No pictures belong in the answer. Repeat all the entries exactly.
BEGIN
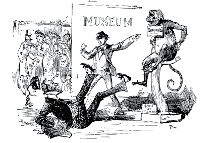 Спустя минуту-другую он хлопнул себя ладонью по лбу — с таким видом, будто только что мысленно произнес триумфальное: «Эврика!», — подозвал к себе одного из братьев Фарандуля, поставил его и Сатюрнена рядом друг с другом, спиной к собранию, и указал на то, что зад маленькой обезьянки располагает восхитительным хвостовым придатком, сверкающим плюмажем, столь необходимым для воздушной гимнастики, пятой рукой, которой дивная природа щедро наделила этот вид, тогда как бедняга Фарандуль мог предъявить лишь самую малюсенькую ее видимость.
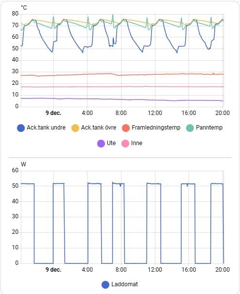 Kan vara att tankens botten är varmare är pannans botten och det värmer på i pannans botten, blir då en liten självcirk genom laddomaten. När värmen stiger uppåt i pannan. I laddomatens underdel finns en ventil som är öppen när pumpen står still, den är för att självcirk ska bil genom pannan och kyla pannan, om pumpen stannar av någon orsak. Förhindra att pannan går i kok direkt, innan alla spjäll stängs.
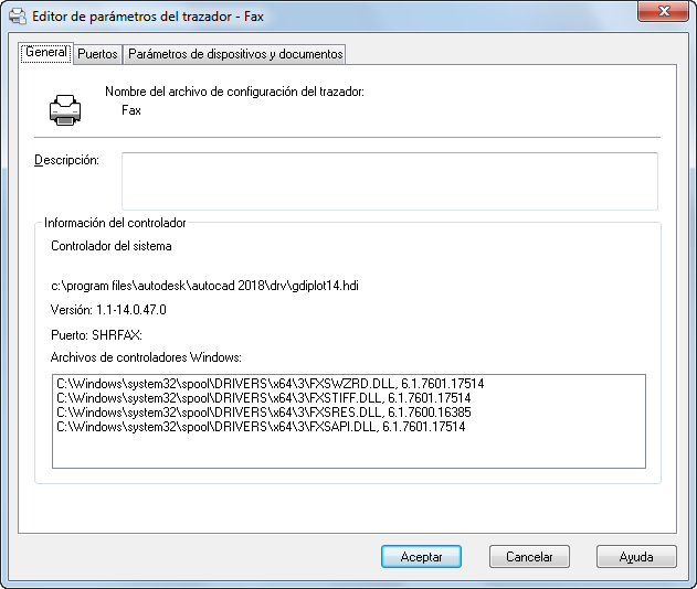 - El nombre de la impresora del sistema (si el trazador configurado es la impresora del sistema).
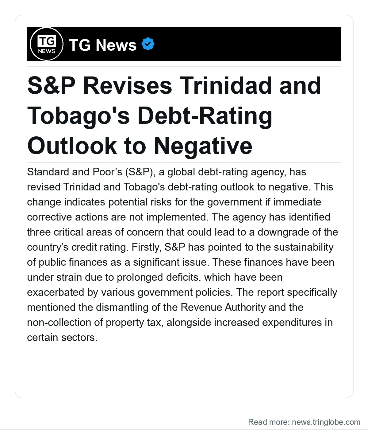 In summary, S&P’s negative outlook serves as a warning for Trinidad and Tobago, emphasizing the need for immediate action to address public finance sustainability, economic growth, and external sector vulnerabilities. The coming months will be crucial for the government as it seeks to implement strategies that can stabilize the economy and restore investor confidence.
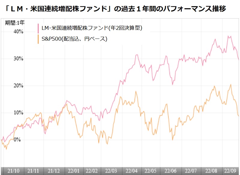 不安定な株式市場が続いている。市場は、世界的なインフレに対し、主要国の中央銀行が急速な利上げに動き、その利上げが長期化する見通しにあることから、今後の景気悪化を懸念している。既に米国の実質GDP成長率は2022年第2四半期(4‐6月)のマイナス成長で2四半期連続のマイナスになっている。ただ、依然として雇用関係の数値が強く、米国では景気後退に入ったとは認識されていないが、2023年には米国が景気後退入りする可能性はかなり高いとみられている。このような景気が弱い時には、どのような経済環境にあっても、しっかりとした業績が確保できる「クオリティの高い銘柄」を選別投資するファンドを選びたい。その1つのヒントが、「LM・米国連続増配株ファンド」に見られるような「連続増配株」にある。 「連続増配株」とは、原則として10年以上にわたって実質的に連続増配している企業をいう。米国には「S&P500配当貴族指数」というインデックスも主要インデックスの1つとして知られている。そして、「S&P500」と「S&P500配当貴族指数」を比較すると、長期でみると「S&P500配当貴族指数」のパフォーマンスが優れた結果を残してきた。たとえば、2000年1月末を100として、2022年3月末までの期間でパフォーマンスを比較すると、「S&P500」が400超のところ、「S&P500配当貴族指数」は1000超と2倍以上の成績になっている。もっとも、過去10年に限ると「S&P500」の22年8月末時点のトータルリターンは年率14.35%で、「S&P500配当貴族指数」の13.02%を上回っているため、連続増配はどんな環境にも通用する万能要素ではない。 「連続増配株」の代表銘柄は、紙おむつの『パンパース』や洗剤の『アリエール』などで知られる「プロクター・アンド・ギャンブル(P&G)」(65年連続増配)、バンドエイドや『リステリン』で知られる「ジョンソン・エンド・ジョンソン」(59年連続)、そして、「コカ・コーラ」(60年連続)などだ。これら企業は、生活で必ず使うような商品において強固なブランド力があり、しかも、市場をグローバルに持っている。増配を重ねることによって、株価も右肩上がりに上昇してきた企業が多い。 「LM・米国連続増配株ファンド(年2回決算型)」の過去1年間のトータルリターンは29.55%。「S&P500(配当込み、円ベース)」の12.70%を大きく上回っている。特に、今年に入ってから「S&P500」を明瞭にアウトパフォームし始めたのは、現在の投資環境にファンドの特性が適っていることを表しているといえるだろう。(グラフは、「LM・連続増配株ファンド(年2回決算型)」の過去1年間のパフィオーマンス推移)
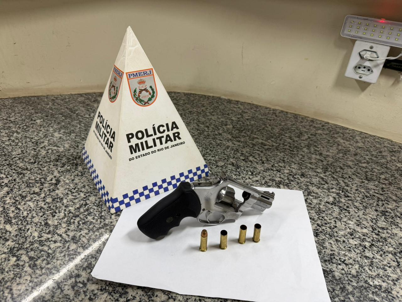 Ainda segundo a PM, a arma estava carregada com uma munição intacta e três cartuchos deflagrados. O material foi apreendido e o homem recebeu voz de prisão no local.
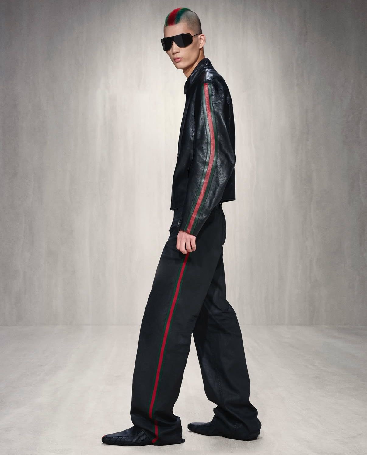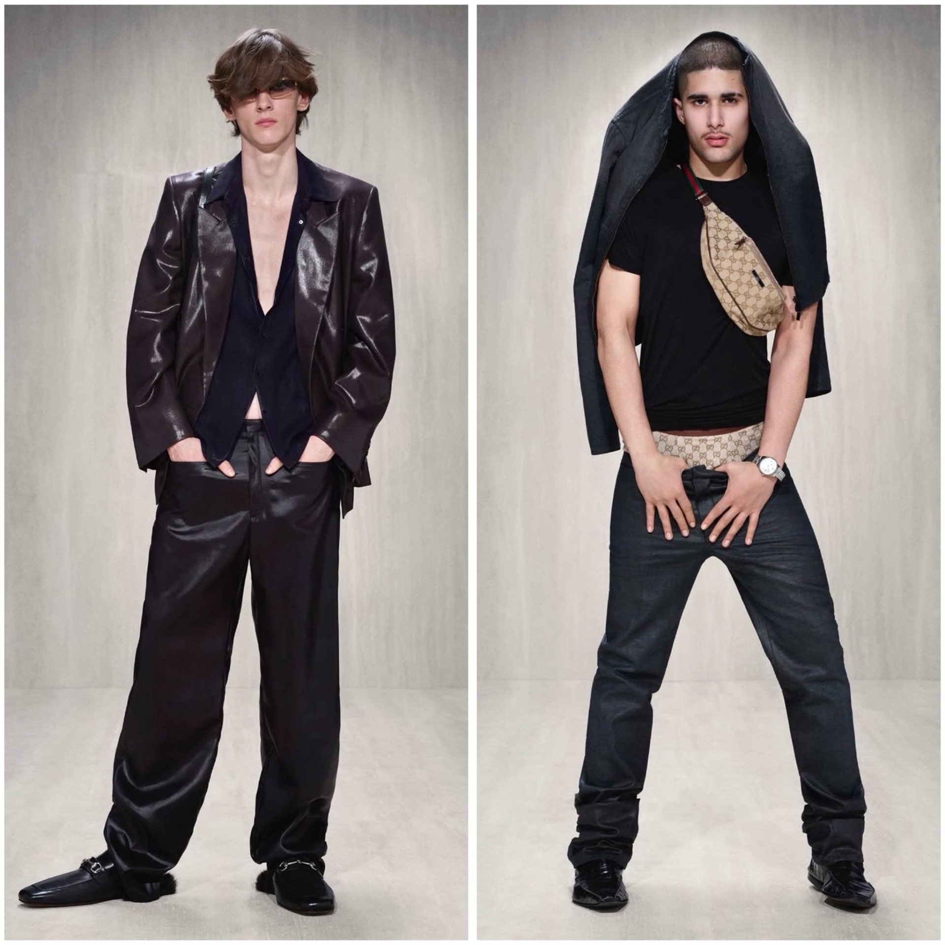 En el lado de la moda masculina destacan las camisetas ajustadas (muy ajustadas) para marcar músculo, por lo que en esta ocasión han desfilado modelos masculinos muy musculados. Zapatos tipo mule o mocasines de piel con puntera exagerada y pantalones elegantes con un corte más bien straight se encuentran en todos los looks del apartado de hombre de esta colección de Gucci. Outfits muy chic a la par que minimalistas que chocan con algunos otros más cerca de lo urbano, con jorts, riñoneras y el clásico estampado con el monograma de Gucci.
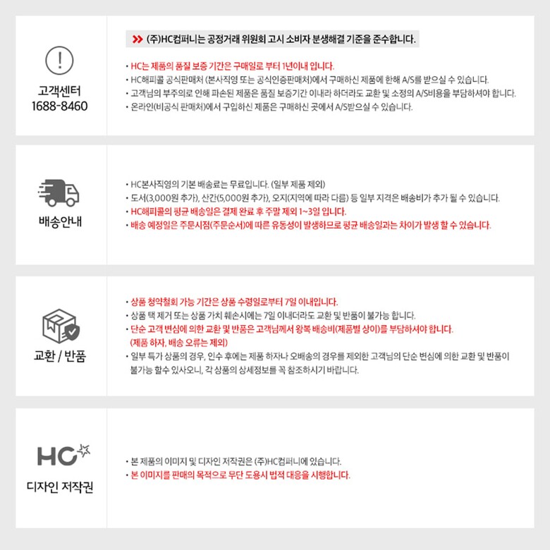 • 모든 규정은 전자상거래법에 의거하며, 택배사정으로 배송이 지연된 경우 재화를 공급받은 날로부터 7일 이내에 반품 가능합니다.
END
RESULT BELOW:
 Спустя минуту-другую он хлопнул себя ладонью по лбу — с таким видом, будто только что мысленно произнес триумфальное: «Эврика!», — подозвал к себе одного из братьев Фарандуля, поставил его и Сатюрнена рядом друг с другом, спиной к собранию, и указал на то, что зад маленькой обезьянки располагает восхитительным хвостовым придатком, сверкающим плюмажем, столь необходимым для воздушной гимнастики, пятой рукой, которой дивная природа щедро наделила этот вид, тогда как бедняга Фарандуль мог предъявить лишь самую малюсенькую ее видимость.
 Kan vara att tankens botten är varmare är pannans botten och det värmer på i pannans botten, blir då en liten självcirk genom laddomaten. När värmen stiger uppåt i pannan. I laddomatens underdel finns en ventil som är öppen när pumpen står still, den är för att självcirk ska bil genom pannan och kyla pannan, om pumpen stannar av någon orsak. Förhindra att pannan går i kok direkt, innan alla spjäll stängs.
 - El nombre de la impresora del sistema (si el trazador configurado es la impresora del sistema).
 In summary, S&P’s negative outlook serves as a warning for Trinidad and Tobago, emphasizing the need for immediate action to address public finance sustainability, economic growth, and external sector vulnerabilities. The coming months will be crucial for the government as it seeks to implement strategies that can stabilize the economy and restore investor confidence.
 不安定な株式市場が続いている。市場は、世界的なインフレに対し、主要国の中央銀行が急速な利上げに動き、その利上げが長期化する見通しにあることから、今後の景気悪化を懸念している。既に米国の実質GDP成長率は2022年第2四半期(4‐6月)のマイナス成長で2四半期連続のマイナスになっている。ただ、依然として雇用関係の数値が強く、米国では景気後退に入ったとは認識されていないが、2023年には米国が景気後退入りする可能性はかなり高いとみられている。このような景気が弱い時には、どのような経済環境にあっても、しっかりとした業績が確保できる「クオリティの高い銘柄」を選別投資するファンドを選びたい。その1つのヒントが、「LM・米国連続増配株ファンド」に見られるような「連続増配株」にある。 「連続増配株」とは、原則として10年以上にわたって実質的に連続増配している企業をいう。米国には「S&P500配当貴族指数」というインデックスも主要インデックスの1つとして知られている。そして、「S&P500」と「S&P500配当貴族指数」を比較すると、長期でみると「S&P500配当貴族指数」のパフォーマンスが優れた結果を残してきた。たとえば、2000年1月末を100として、2022年3月末までの期間でパフォーマンスを比較すると、「S&P500」が400超のところ、「S&P500配当貴族指数」は1000超と2倍以上の成績になっている。もっとも、過去10年に限ると「S&P500」の22年8月末時点のトータルリターンは年率14.35%で、「S&P500配当貴族指数」の13.02%を上回っているため、連続増配はどんな環境にも通用する万能要素ではない。 「連続増配株」の代表銘柄は、紙おむつの『パンパース』や洗剤の『アリエール』などで知られる「プロクター・アンド・ギャンブル(P&G)」(65年連続増配)、バンドエイドや『リステリン』で知られる「ジョンソン・エンド・ジョンソン」(59年連続)、そして、「コカ・コーラ」(60年連続)などだ。これら企業は、生活で必ず使うような商品において強固なブランド力があり、しかも、市場をグローバルに持っている。増配を重ねることによって、株価も右肩上がりに上昇してきた企業が多い。 「LM・米国連続増配株ファンド(年2回決算型)」の過去1年間のトータルリターンは29.55%。「S&P500(配当込み、円ベース)」の12.70%を大きく上回っている。特に、今年に入ってから「S&P500」を明瞭にアウトパフォームし始めたのは、現在の投資環境にファンドの特性が適っていることを表しているといえるだろう。(グラフは、「LM・連続増配株ファンド(年2回決算型)」の過去1年間のパフィオーマンス推移)
 Ainda segundo a PM, a arma estava carregada com uma munição intacta e três cartuchos deflagrados. O material foi apreendido e o homem recebeu voz de prisão no local.
 En el lado de la moda masculina destacan las camisetas ajustadas (muy ajustadas) para marcar músculo, por lo que en esta ocasión han desfilado modelos masculinos muy musculados. Zapatos tipo mule o mocasines de piel con puntera exagerada y pantalones elegantes con un corte más bien straight se encuentran en todos los looks del apartado de hombre de esta colección de Gucci. Outfits muy chic a la par que minimalistas que chocan con algunos otros más cerca de lo urbano, con jorts, riñoneras y el clásico estampado con el monograma de Gucci.
 • 모든 규정은 전자상거래법에 의거하며, 택배사정으로 배송이 지연된 경우 재화를 공급받은 날로부터 7일 이내에 반품 가능합니다.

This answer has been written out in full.